В воспоминаниях многих москвичей сохранилось ощущение, что не было в Москве более веселого времени, чем первые годы царствования Александра I. Ф. Ф. Вигель проводил лето в подмосковном имении графа И. П. Салтыкова, московского главнокомандующего, Марфине. «Это было в первые месяцы владычества Александра, когда в воображении подданных он был еще прекраснее, чем в существе, когда все стремились ему уподобиться, когда исчезли ужасы, погасли зависть и вражда и, возлюбив друг друга, все русские мечтали только о добре… В первый раз был я совершенно свободен, в самое благоприятное время года, в прекрасном поместье, где жили непринужденно и одни веселости сменялись другими».
В числе «веселостей» в Марфине были и любительские спектакли: разыгрывались оперы, водевили. Кроме популярной и любимой тогда оперы Паизиелло «Прислужница-хозяйка», музыкальной комедии Аблесимова «Мельник, колдун, обманщик и сват» и двух комедий Мариво был приготовлен сюрприз хозяину. «Всего примечательнее, — рассказывает Вигель, — была пиеса, интермедия, пролог или маленький русский водевиль под названием: „Только для Марфина“, сочинение Карамзина. Содержание, сколько могу припомнить, довольно обыкновенное: деревенская любовь, соперничество, злые люди, которые препятствуют союзу любовников, и нетерпеливо ожидаемый приезд из армии доброго господина, графа Петра Семеновича, который их соединяет, потом великая радость, песни и куплеты оканчивают пиесу. Так как все роли были коротенькие, то одну из них, роль бурмистра, мне поручили. Я надел русский кафтан, привязал себе бороду и старался говорить грубым голосом». Текст водевиля не сохранился, за исключением завершающих пьесу куплетов, но, судя по ним, это была изящная, по-водевильному остроумная и веселая игрушка.
В спектакле принимал участие сам Карамзин. Он играл доброго господина — графа Петра Семеновича и режиссировал («учил нас», — сообщает Вигель).

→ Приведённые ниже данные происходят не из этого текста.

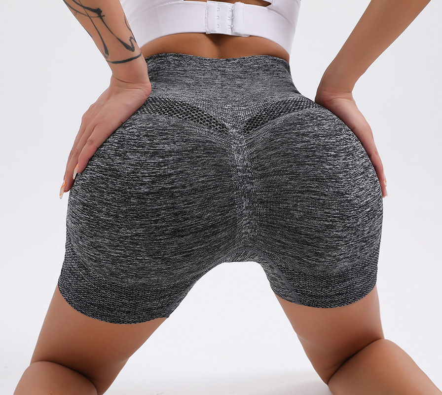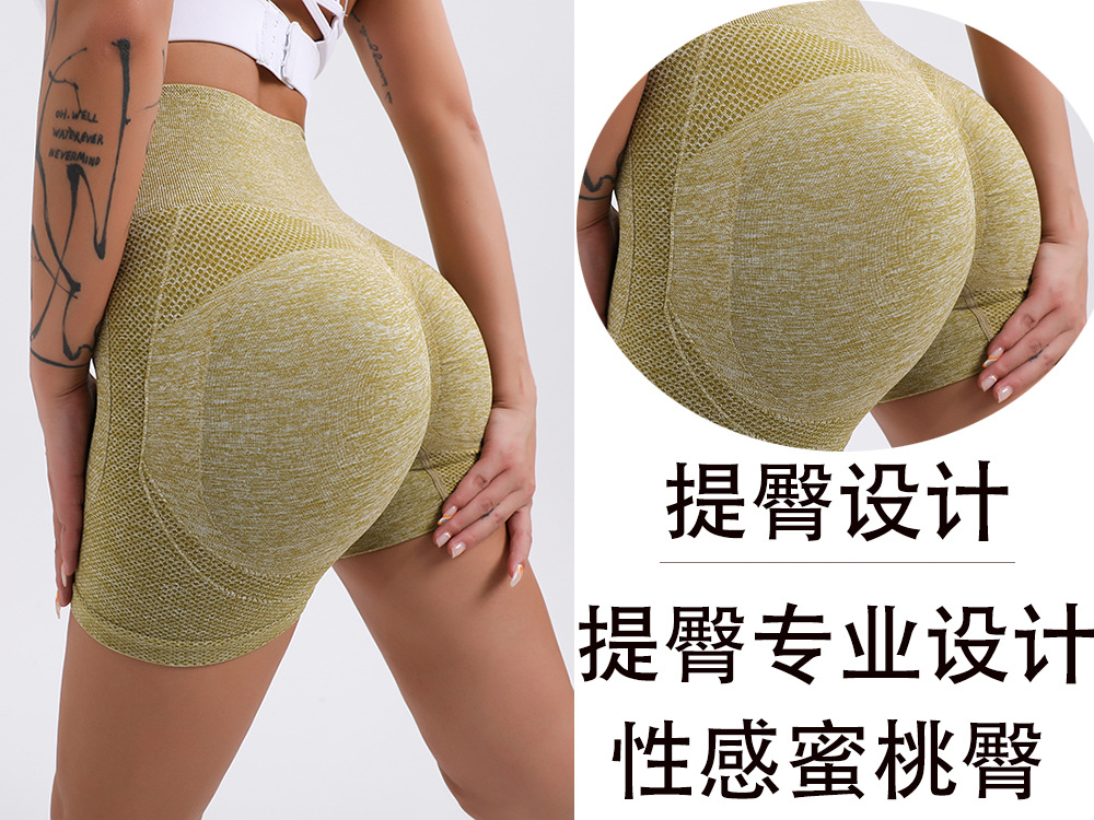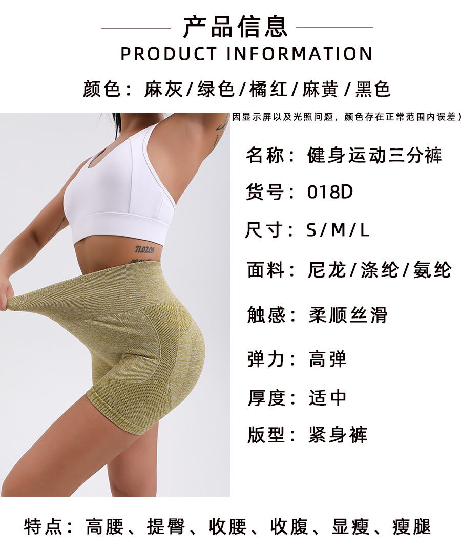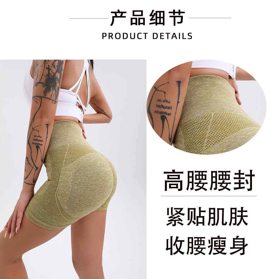 跨境春夏无缝蜜桃臀瑜伽裤女高腰收腹速干提臀跑步运动短款健身裤
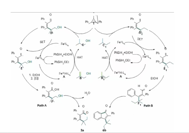 綜上所述,作者開發了一種Fe(III)催化的環丙烯酮和受體烯烴的自由基擴環策略,構建了一系列新型的2H-吡喃酮和完全取代的1-茚酮。作者還提出了可能的機理:氫原子轉移形成烷基自由基,自由基打開環丙烯酮的三元環,生成中間體。中間體有兩條反應途徑:當烯烴的β位有一個羥基時,反應生成2H-吡喃酮,否則生成1-茚酮。該方法具有反應條件溫和、底物適應性廣、原料便宜易得等優點。

Вигелю тогда впервые довелось говорить с Карамзиным. «Уже был он, — пишет Вигель, — известен, уже был он славен, уже зависть и клевета в страшное царствование Павла восставали, чтоб его погубить. Но Бог России хранил его; под Его щитом, с кротостию улыбаясь самим врагам своим, шел он спокойно, смиренно прекрасною цветущею стезею, ведущею его к цели, которую, вероятно, тогда еще сам он не предугадывал… Он был в Москве кумиром всех благородно мыслящих людей и всех женщин истинно чувствительных. В тогдашнее еще чинопочитательное время было даже несколько странно видеть стариков вельмож, почти как с равным в обхождении с тридцатилетним отставным поручиком. Мне не нужно описывать его наружность; портреты его чрезвычайно схожи; они очень верно выражают глубокие думы на его челе и добродушие во взорах его».
1801 год был, пожалуй, одним из самых счастливых в жизни Карамзина. В этот год в апреле он женился, о чем 24 апреля сообщает брату: «С сердечною радостию уведомляю Вас, что я женился на Елизавете Ивановне Протасовой, которую 13 лет знаю и люблю. Она просит Вашей дружбы, в которой Вы ей, конечно, не откажете. Женитьба не переменила образа моей жизни: я живу в прежних своих небольших комнатах, с тою разницею, что буду чаще дома. Она имеет только 150 душ, но я надеюсь, что с моим доходом мы проживем год без нужды и с приятностию».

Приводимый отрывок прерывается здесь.